Suite aux sorciers d’Harry Potter et aux amateurs de sang frais de Twilight, nous étions impatients de savoir quel serait le prochain succès littéraire chez nos adolescents. Sans surprise, plusieurs auteurs s’y étant déjà essayé, il s’agit des anges. Hanna Reed, Française malgré son patronyme, revisite cette figure mythique dans le premier tome de sa saga No Angels in the Sky.

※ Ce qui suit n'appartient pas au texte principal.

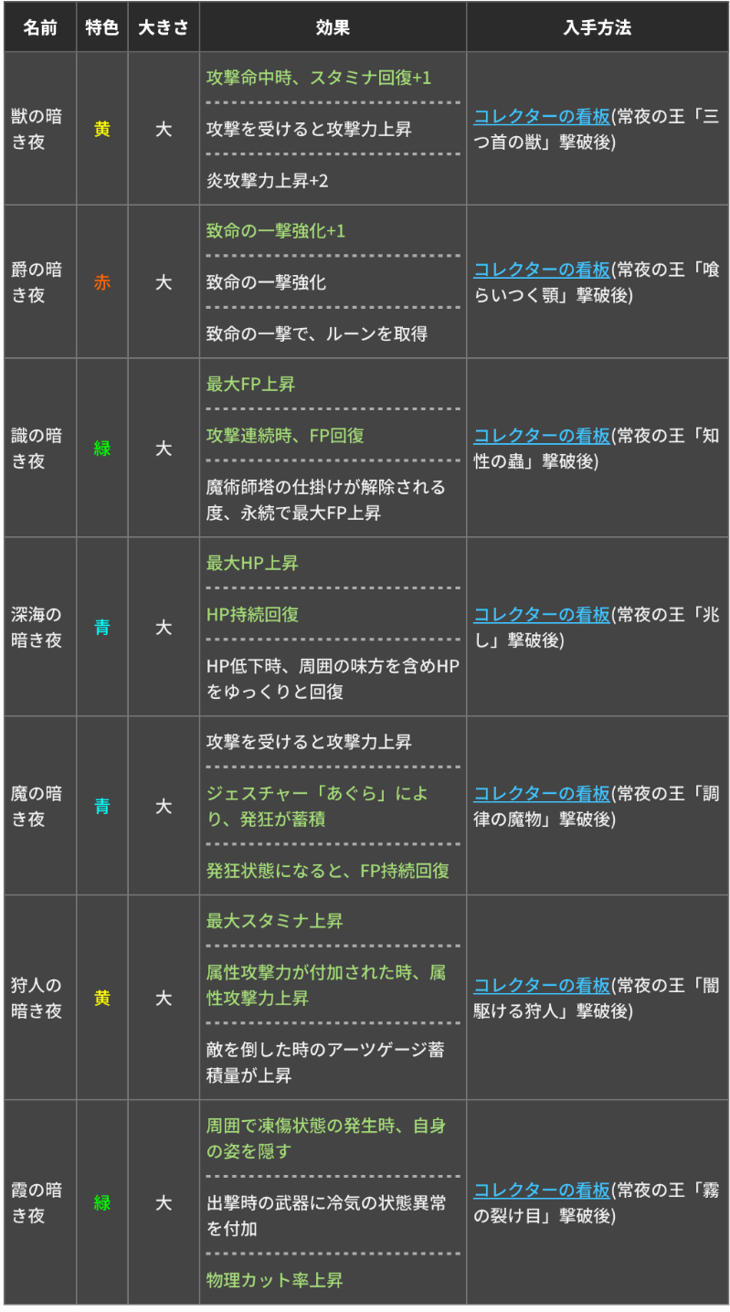 全体を通して防御系の遺物の良さがわかったな、魔力カット炎カット発狂耐性などなど

Dans l’intimité de sa chambre, une adolescente se drogue. Les images de sa débauche s’enchaînent : soirées, alcool, perte de conscience. Le monde dans lequel elle vit semble bien différent du nôtre. Il n’y a ni joie, ni amour. Pourtant, cette jeune femme a tout pour être heureuse. Le récit bascule le jour où Eleden, tel est son prénom, meurt d’une overdose. Cela aurait dû être la fin, mais chez Hanna Reed le décès de son héroïne n’est que le début de sa quête initiatique. Comme un point de bascule, le texte de la première partie se conclut sur une phrase déroutante, car la mort du héros n’est pas attendue aussi rapidement, « Elle ne sentait plus rien. Elle ne désirait plus rien. Elle avait enfin trouvé la paix. Le noir s’infiltra dans son esprit. Plus rien. » Avant de s’ouvrir à la page suivante sur « Et soudain, la lumière revint. »

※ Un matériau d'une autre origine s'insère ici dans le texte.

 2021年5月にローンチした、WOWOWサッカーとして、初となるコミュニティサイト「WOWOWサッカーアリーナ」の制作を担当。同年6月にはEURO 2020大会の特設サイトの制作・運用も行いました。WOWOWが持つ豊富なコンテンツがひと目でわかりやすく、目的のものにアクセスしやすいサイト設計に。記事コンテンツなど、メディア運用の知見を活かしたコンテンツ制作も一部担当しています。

            Après un début de récit assez pauvre, la complainte de la riche adolescente en proie à un malaise chronique ayant du mal à attendrir le lecteur, la suite du roman semble enfin se lancer dans une véritable histoire. « Je ne comprenais pas ce qui m’arrivait. Etais-je au Paradis ? Je ne pensais pas l’avoir mérité. Tout était blanc sans être idyllique. C’est donc ça le jardin d’Eden, je suis déçue. » Pourtant, les (trop) longues interrogations d’Eleden lassent et poussent à survoler les pages pour arriver plus rapidement à l’intrigue. Où interviennent les autres personnages principaux : Jazz, Memphis et Lukade. La réunion de ces quatre jeunes adultes permet à l’histoire d’avancer : Où sont-ils ? Qu’attend-on d’eux ?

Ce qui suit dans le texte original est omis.